I never thought. I never considered it wanted to be an example of someone who is strong. Someone said recently that I was strong. They're proud of me because I'm strong.
I don't want to be strong. I want to be a whiny baby and go home to San Diego.
But then I get to the other side of a challenge at work. Or I have a great weekend afternoon with a friend. And I realize that this is a fucking adventure and I'm doing it alone and okay fine I catch myself being independent and strong.
I have my supporters. And they all miss me. And it's hard being away from each other.
But I'm having a hard time focusing on all the good things that have happened since my and because of my move.
Leaps and bounds.
I was only coming here for a job. Yeah I figured I'd learn things about myself. But I'm only five hours away from home. How much different could it be?
Leaps and bounds.
It's hard to see it all in the darkness. Because you know it's there. But it's gone at that point. You know it's close. And you'll see it when the lights come on. But until then it's dark and everything else isn't there. You can't feel it or sense it or smell it.
And then a text comes through. I saw a butterfly and thought of you because you hate them! Or a post about missing your far. Or a text about going on a tour of a famou architect's digs.
So I'm on an adventure. New state. City. Al that. If I'm missing home so intensely, does that make me a small minded simpleton? Or does that make me someone who is rooted in family and familiar things.
Say at the end of a year here I realize I never want to leave Southern California, does that make me small minded? Or someone who has explored a small area outside her comfort zone and didn't like it.

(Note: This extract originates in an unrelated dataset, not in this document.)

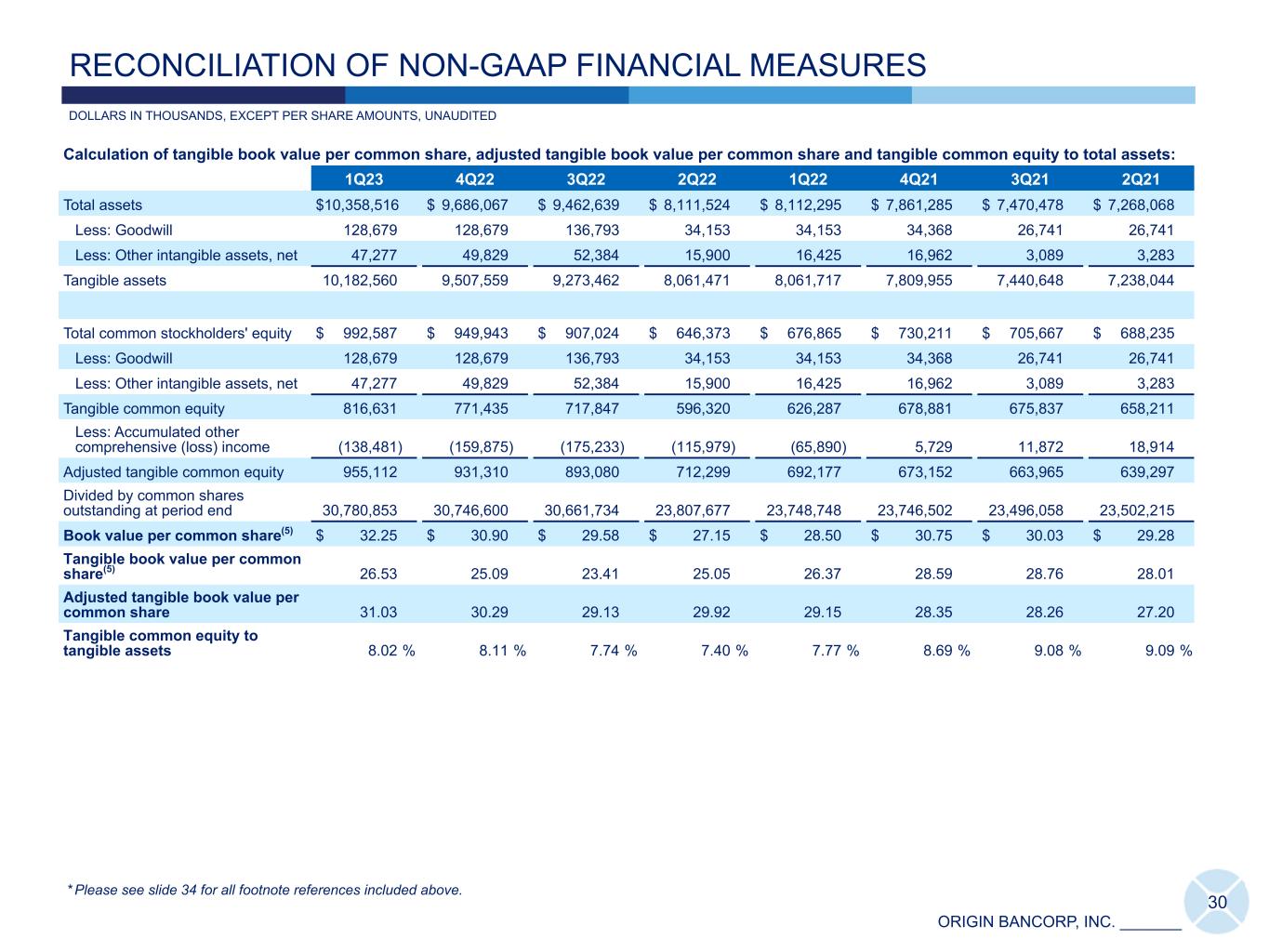 ORIGIN BANCORP, INC. _______ Calculation of tangible book value per common share, adjusted tangible book value per common share and tangible common equity to total assets: 1Q23 4Q22 3Q22 2Q22 1Q22 4Q21 3Q21 2Q21 Total assets $ 10,358,516 $ 9,686,067 $ 9,462,639 $ 8,111,524 $ 8,112,295 $ 7,861,285 $ 7,470,478 $ 7,268,068 Less: Goodwill 128,679 128,679 136,793 34,153 34,153 34,368 26,741 26,741 Less: Other intangible assets, net 47,277 49,829 52,384 15,900 16,425 16,962 3,089 3,283 Tangible assets 10,182,560 9,507,559 9,273,462 8,061,471 8,061,717 7,809,955 7,440,648 7,238,044 Total common stockholders' equity $ 992,587 $ 949,943 $ 907,024 $ 646,373 $ 676,865 $ 730,211 $ 705,667 $ 688,235 Less: Goodwill 128,679 128,679 136,793 34,153 34,153 34,368 26,741 26,741 Less: Other intangible assets, net 47,277 49,829 52,384 15,900 16,425 16,962 3,089 3,283 Tangible common equity 816,631 771,435 717,847 596,320 626,287 678,881 675,837 658,211 Less: Accumulated other comprehensive (loss) income (138,481) (159,875) (175,233) (115,979) (65,890) 5,729 11,872 18,914 Adjusted tangible common equity 955,112 931,310 893,080 712,299 692,177 673,152 663,965 639,297 Divided by common shares outstanding at period end 30,780,853 30,746,600 30,661,734 23,807,677 23,748,748 23,746,502 23,496,058 23,502,215 Book value per common share(5) $ 32.25 $ 30.90 $ 29.58 $ 27.15 $ 28.50 $ 30.75 $ 30.03 $ 29.28 Tangible book value per common share(5) 26.53 25.09 23.41 25.05 26.37 28.59 28.76 28.01 Adjusted tangible book value per common share 31.03 30.29 29.13 29.92 29.15 28.35 28.26 27.20 Tangible common equity to tangible assets 8.02 % 8.11 % 7.74 % 7.40 % 7.77 % 8.69 % 9.08 % 9.09 % 30 RECONCILIATION OF NON-GAAP FINANCIAL MEASURES * Please see slide 34 for all footnote references included above. DOLLARS IN THOUSANDS, EXCEPT PER SHARE AMOUNTS, UNAUDITED

But it would also make me someone who knew for sure instead of wondering.
Yes. I saw what was out there. And I prefer what's in here instead.
What's the opposite of wanderlust? Wandernotlust. Wander opposed. Stayhomelust. Settledownlust.
Find a city. Find your people. Settle down. That lust.
6/1/15. Monday. i feel like today i might cry. i miss home so much. this is ridiculous. whose idea was this and why the fuck am i here? the daily pep talks aren't working. it's a constant battle with myself.
everything makes me miss san diego. i'm unsettled here. uncomfortable. all this shit about things happening outside your comfort zone, i get it. but i'm done. i don't need it, this constant Not Fitting.
the people here are assholes. or i'm unlikeable. okay, that's not true. but everyone gave me contact info for people in arizona and nothing. crickets. family of family hasn't texted to check in on me or invite me to dinner, etc. thta baby shower was a joke. talk about uncomfortable.
what the shit. i hate arizona. this job is hard. which i think i might be able to deal with if i had my support system of people.
i haven't found a doctor, a hair person, a dentist, a therapist. i hate everything and it's all stupid.